Feature engineering is a crucial step in molecular science, utilizing the domain expertise to extract meaningful features from raw data using certain data mining techniques. Properly defining and selecting these features can significantly enhance the performance of machine learning algorithms. In this tutorial, we will delve into the process of feature customization within Nearl’s framework and present a case study on RFScore.

General concept#

When defining a new feature, you need to inherit the base class Features and implement the feature function. The cache method is designed to store the structural information (self.cached_props) that will be used during the following steps. It is designed to be called only once when processing each trajectory, unless the trajectory is reloaded from time to time. The returned variables from the query method are directly put to the run method.

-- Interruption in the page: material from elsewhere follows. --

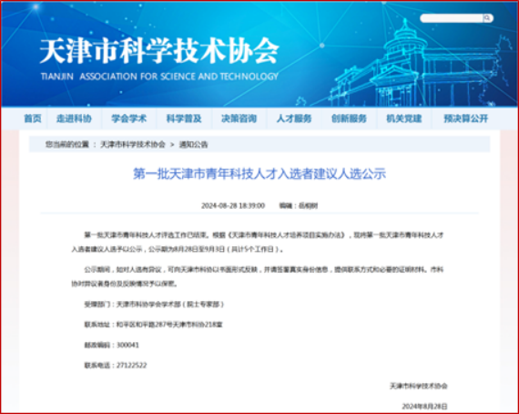 天津市青年科技人才项目于2023年首次设立,旨在选拔具有较强创新潜力的青年科技人才,支持他们潜心研究、深入探索,培育一批有望在世界科技前沿取得突破的优秀青年科技人才,其中第一层次要求不超过43周岁(含),全市各行业评选15名左右。

The following is a simple implementation of a feature.

import numpy as np
from nearl import commands, utils
from nearl.features import Features

class MyFirstFeature(Features):
  def __init__(self, **kwargs):
    super().__init__(**kwargs)
    # Add your own initialization

  def cache(self, trajectory):
    super().cache(trajectory)
    # this example is to generate a random number for each atom
    self.cached_props = np.full(trajectory.top.n_atoms, 1)

  def query(self, topology, frames, focus):
    # Retrieve the concerned substructure for further feature calculation
    mask_inbox, coords = super().query(topology, frame, focus)
    weights = self.cached_props[mask_inbox]
    return coords, weights

  def run(self, coords, weights):
    # Transform the frame-slice into a feature vector
    feature_vector = commands.frame_voxelize(coords, weights, self.dims, self.spacing, self.cutoff, self.sigma)
    return feature_vector

  def dump(self, feature_vector):
    # Put the output feature ``feature_vector`` into HDF file
    utils.append_hdf_data(self.outfile, self.outkey,
                          np.asarray([result], dtype=np.float32),
                          dtype=np.float32, maxshape=(None, *self.dims),
                          chunks=True, compression="gzip", compression_opts=4)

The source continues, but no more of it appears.